いわゆる「雪目」とは紫外線による点状表層角膜症のことです。スキーなどに行って雪で反射した紫外線を角膜に浴びることで、数時間後に角膜に傷ができます。溶接作業後にも点状表層角膜症がおこりやすいため、保護メガネの使用が重要です。

点眼の使いすぎ

点眼の使いすぎでも点状表層角膜症になります。点眼薬のほとんどには有効成分以外にも防腐剤などの添加物が含まれており、点眼を使いすぎることによってそれらの成分による副作用が出て点状表層角膜症になります。処方薬でも市販薬でも、点眼は決められた回数を守って使うことが大切です。点眼のみならず、一部の内服薬によってもドライアイをひきおこすことで点状表層角膜症の原因になることがあります。

症状

傷の数や密度によりますが、軽症であれば目の異物感程度、あるいは症状がない場合もあります。傷が多くなれば眼痛が出ますが、主に目の表面がチカチカして痛いという感じで、目の奥が重くなるような痛みは通常出ません。

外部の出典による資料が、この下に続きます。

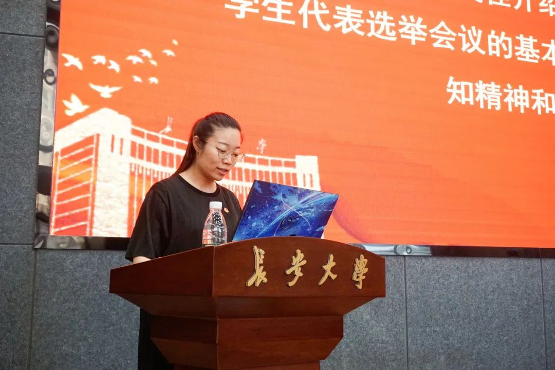 ▲ 由院团委副书记杨文佳介绍本次学代会基本情况
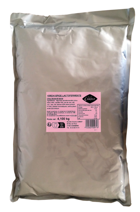Légumes lactofermentés (chou blanc 44%, carotte 10%, sel de mer, ail). Jus : eau, sel, épices 0,8% (dont piment 0,13%), plantes aromatiques, antioxydant : acide ascorbique.

また、角膜は本来透明な組織ですが、点状の細かい傷が密集してたくさんできるとスリガラスのような状態になるため、かすんで見えるようになったり、光の散乱によってまぶしく感じたりすることもあります。傷がかなり多くなると角膜自体やその周辺にある結膜に炎症が起こり目が充血することもあります。

検査・診断

フルオレセインという特殊な色素を目につけ、細隙灯顕微鏡(眼科で診察のときに顔をのせる機械)で青い光で診察すると、角膜の傷を観察することができます。

それ以外には点状表層角膜症の原因を調べるためにドライアイの検査(涙の分泌量や乾くスピードを調べます)をしたり、角膜知覚(細い糸のようなものを角膜に接触させて、敏感度を測ります)を調べたりします。

治療

原因によってまったく異なります。上記の原因のうち、まず予防が可能なのはコンタクトレンズ、紫外線、点眼の使いすぎです。コンタクトレンズを使用する場合は眼科での定期検診を受けることが大切です。ドライアイやさかまつげが原因であれば、点眼や手術などの治療が必要です。

まばたきが浅い、あるいはできない場合の点状表層角膜症はなかなか治りにくいことが知られています。点眼や眼軟膏などを使い、痛みや視力低下で日常生活に支障をきたすことがないようにできるだけ傷が少ない状態を維持します。